Without including any pictures, write out the data below exactly.

Data provided: Begin

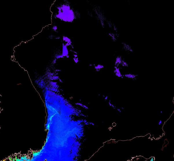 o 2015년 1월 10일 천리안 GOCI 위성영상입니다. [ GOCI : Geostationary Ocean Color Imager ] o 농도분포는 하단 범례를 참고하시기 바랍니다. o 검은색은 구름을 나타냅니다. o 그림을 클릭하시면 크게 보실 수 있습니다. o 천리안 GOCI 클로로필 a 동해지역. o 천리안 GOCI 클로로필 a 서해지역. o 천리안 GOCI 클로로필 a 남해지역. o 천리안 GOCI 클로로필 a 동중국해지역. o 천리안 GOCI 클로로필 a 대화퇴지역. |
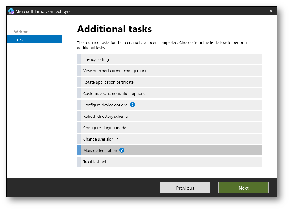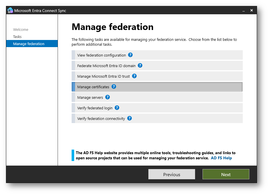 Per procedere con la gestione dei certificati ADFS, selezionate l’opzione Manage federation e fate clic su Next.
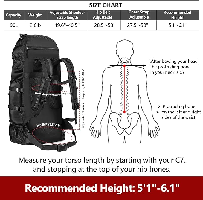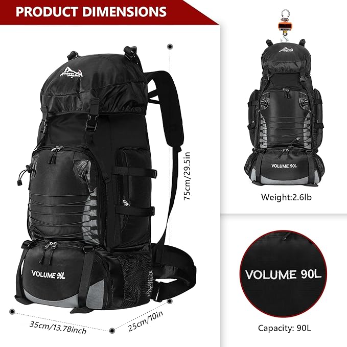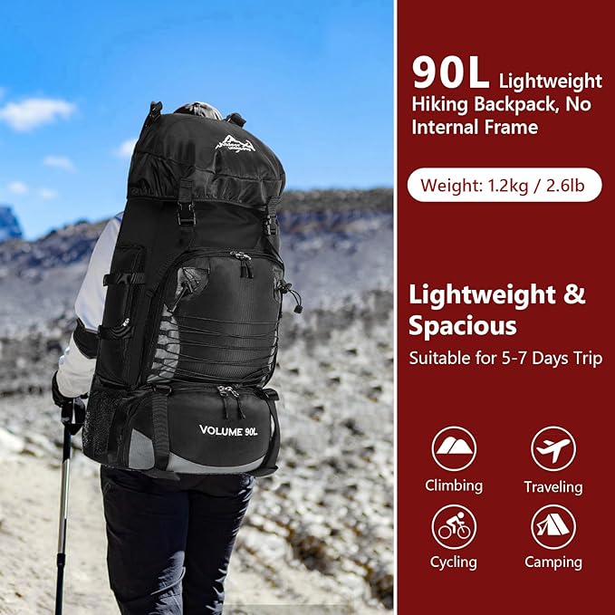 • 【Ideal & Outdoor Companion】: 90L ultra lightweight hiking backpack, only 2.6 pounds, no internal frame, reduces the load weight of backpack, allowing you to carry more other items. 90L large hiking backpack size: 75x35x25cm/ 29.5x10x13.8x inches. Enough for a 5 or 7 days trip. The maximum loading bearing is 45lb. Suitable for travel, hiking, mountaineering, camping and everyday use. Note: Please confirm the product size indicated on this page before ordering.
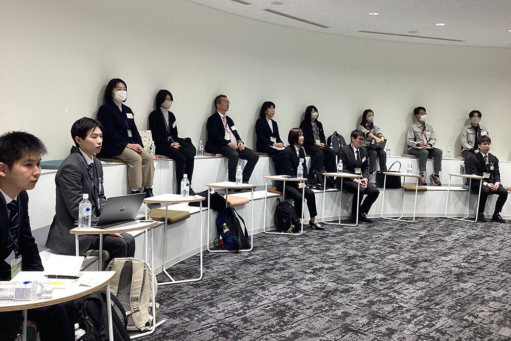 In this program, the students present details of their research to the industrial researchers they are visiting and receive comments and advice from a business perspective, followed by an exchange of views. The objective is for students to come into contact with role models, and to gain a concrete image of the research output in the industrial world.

Data provided: End

■ Completed exercise
 o 2015년 1월 10일 천리안 GOCI 위성영상입니다. [ GOCI : Geostationary Ocean Color Imager ] o 농도분포는 하단 범례를 참고하시기 바랍니다. o 검은색은 구름을 나타냅니다. o 그림을 클릭하시면 크게 보실 수 있습니다. o 천리안 GOCI 클로로필 a 동해지역. o 천리안 GOCI 클로로필 a 서해지역. o 천리안 GOCI 클로로필 a 남해지역. o 천리안 GOCI 클로로필 a 동중국해지역. o 천리안 GOCI 클로로필 a 대화퇴지역. |
 Per procedere con la gestione dei certificati ADFS, selezionate l’opzione Manage federation e fate clic su Next.
 • 【Ideal & Outdoor Companion】: 90L ultra lightweight hiking backpack, only 2.6 pounds, no internal frame, reduces the load weight of backpack, allowing you to carry more other items. 90L large hiking backpack size: 75x35x25cm/ 29.5x10x13.8x inches. Enough for a 5 or 7 days trip. The maximum loading bearing is 45lb. Suitable for travel, hiking, mountaineering, camping and everyday use. Note: Please confirm the product size indicated on this page before ordering.
 In this program, the students present details of their research to the industrial researchers they are visiting and receive comments and advice from a business perspective, followed by an exchange of views. The objective is for students to come into contact with role models, and to gain a concrete image of the research output in the industrial world.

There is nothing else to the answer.